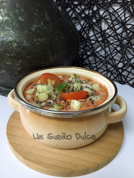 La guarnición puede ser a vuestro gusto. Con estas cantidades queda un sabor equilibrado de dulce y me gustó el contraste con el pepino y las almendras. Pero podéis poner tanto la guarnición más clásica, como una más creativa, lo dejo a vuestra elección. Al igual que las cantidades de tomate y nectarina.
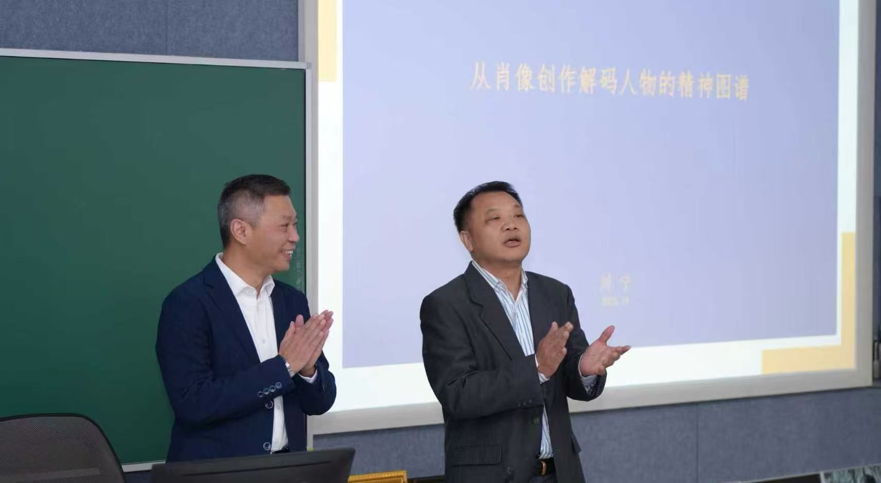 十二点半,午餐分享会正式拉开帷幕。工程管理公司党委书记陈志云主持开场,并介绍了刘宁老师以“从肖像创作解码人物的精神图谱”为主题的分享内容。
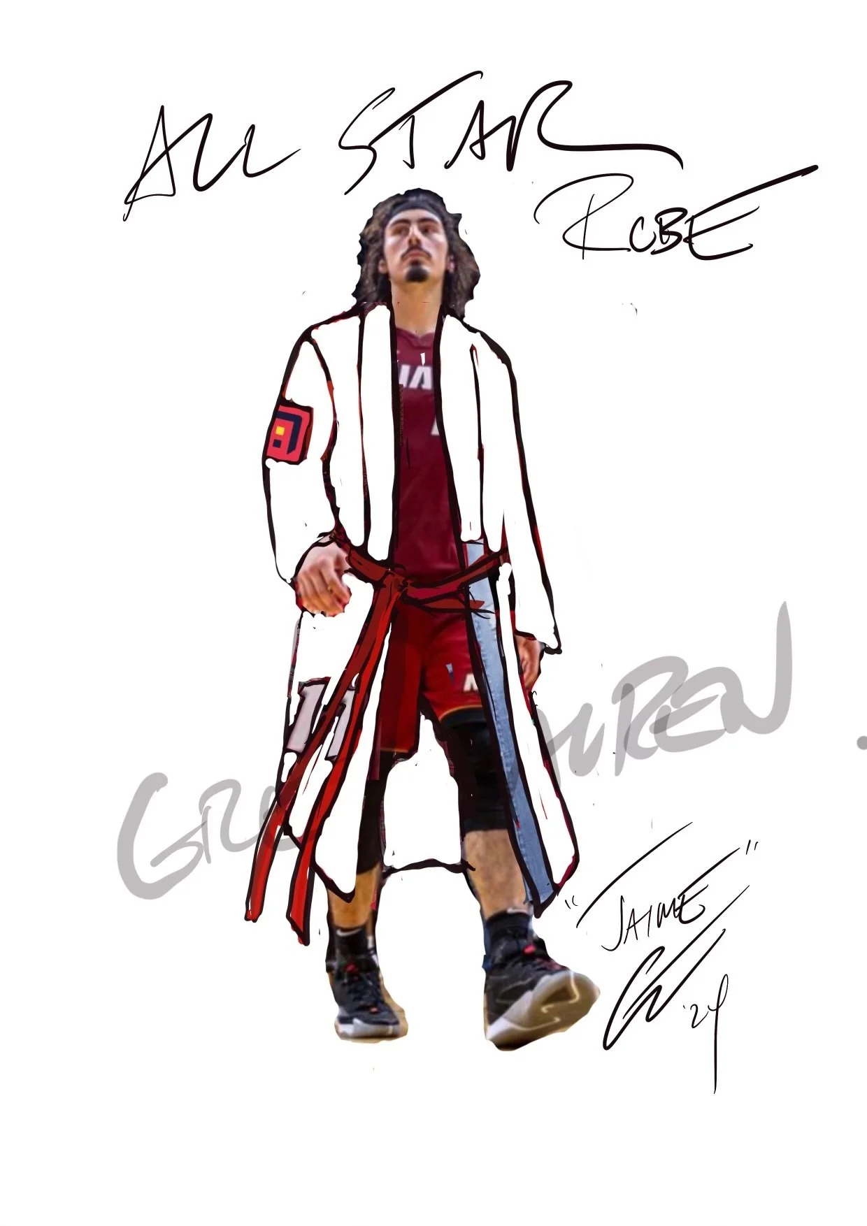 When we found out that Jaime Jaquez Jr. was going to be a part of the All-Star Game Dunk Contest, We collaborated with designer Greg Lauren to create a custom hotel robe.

--

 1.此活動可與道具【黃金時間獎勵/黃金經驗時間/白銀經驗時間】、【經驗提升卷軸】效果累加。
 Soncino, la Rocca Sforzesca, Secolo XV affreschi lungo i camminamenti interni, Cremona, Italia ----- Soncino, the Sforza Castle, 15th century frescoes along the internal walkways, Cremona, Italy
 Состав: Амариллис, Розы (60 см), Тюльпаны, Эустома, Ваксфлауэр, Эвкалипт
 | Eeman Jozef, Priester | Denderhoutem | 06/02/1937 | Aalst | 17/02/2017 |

__TASK__. In the listing above, find the line containing "Soncino, la Rocca" and the line containing "Aalst | 17/02/2017 |", then quote both, plus every line between them, exactly as written.

__ANSWER TO THE PROBLEM__.
 Soncino, la Rocca Sforzesca, Secolo XV affreschi lungo i camminamenti interni, Cremona, Italia ----- Soncino, the Sforza Castle, 15th century frescoes along the internal walkways, Cremona, Italy
 Состав: Амариллис, Розы (60 см), Тюльпаны, Эустома, Ваксфлауэр, Эвкалипт
 | Eeman Jozef, Priester | Denderhoutem | 06/02/1937 | Aalst | 17/02/2017 |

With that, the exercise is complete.